Top of Raw data

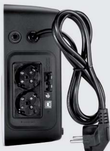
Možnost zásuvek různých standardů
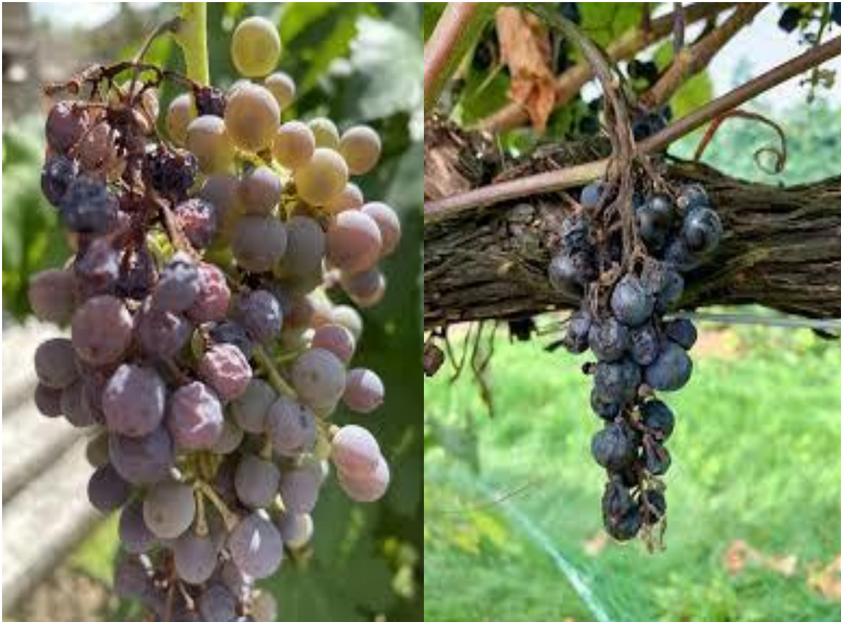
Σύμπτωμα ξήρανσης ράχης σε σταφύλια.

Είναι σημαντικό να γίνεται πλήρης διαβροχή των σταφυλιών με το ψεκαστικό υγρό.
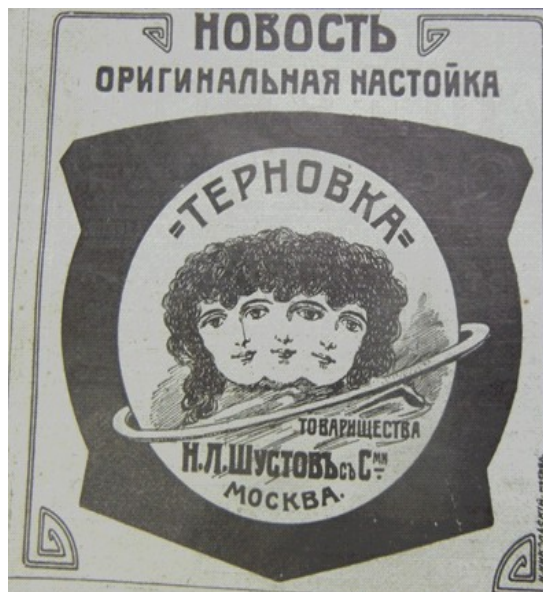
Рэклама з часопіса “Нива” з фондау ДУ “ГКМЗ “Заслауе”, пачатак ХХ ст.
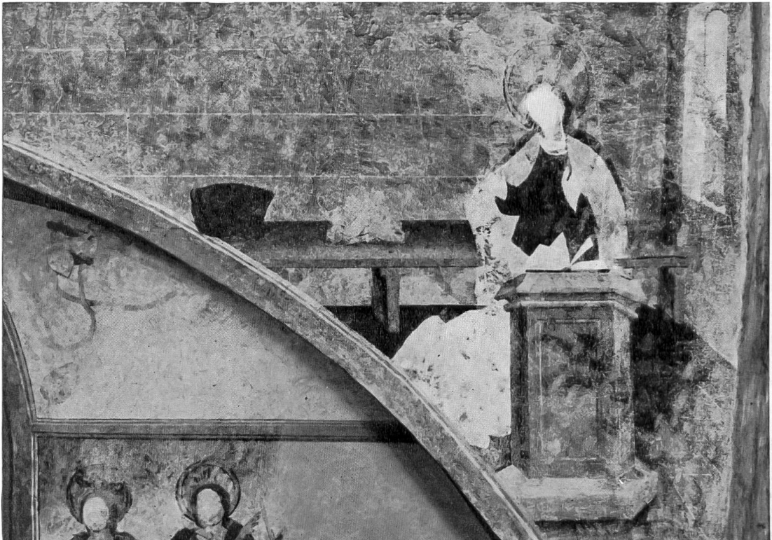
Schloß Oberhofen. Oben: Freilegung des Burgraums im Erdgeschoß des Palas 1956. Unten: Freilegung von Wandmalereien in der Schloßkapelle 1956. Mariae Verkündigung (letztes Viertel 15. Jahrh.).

Bottom of Raw data

Exercise directions:
The answer is the run of lines from the one with "Σύμπτωμα ξήρανσης ράχης σε σταφύλια." through the final line of the data, copied exactly, and nothing else; no pictures.

Solved problem:
Σύμπτωμα ξήρανσης ράχης σε σταφύλια.

Είναι σημαντικό να γίνεται πλήρης διαβροχή των σταφυλιών με το ψεκαστικό υγρό.
Рэклама з часопіса “Нива” з фондау ДУ “ГКМЗ “Заслауе”, пачатак ХХ ст.
Schloß Oberhofen. Oben: Freilegung des Burgraums im Erdgeschoß des Palas 1956. Unten: Freilegung von Wandmalereien in der Schloßkapelle 1956. Mariae Verkündigung (letztes Viertel 15. Jahrh.).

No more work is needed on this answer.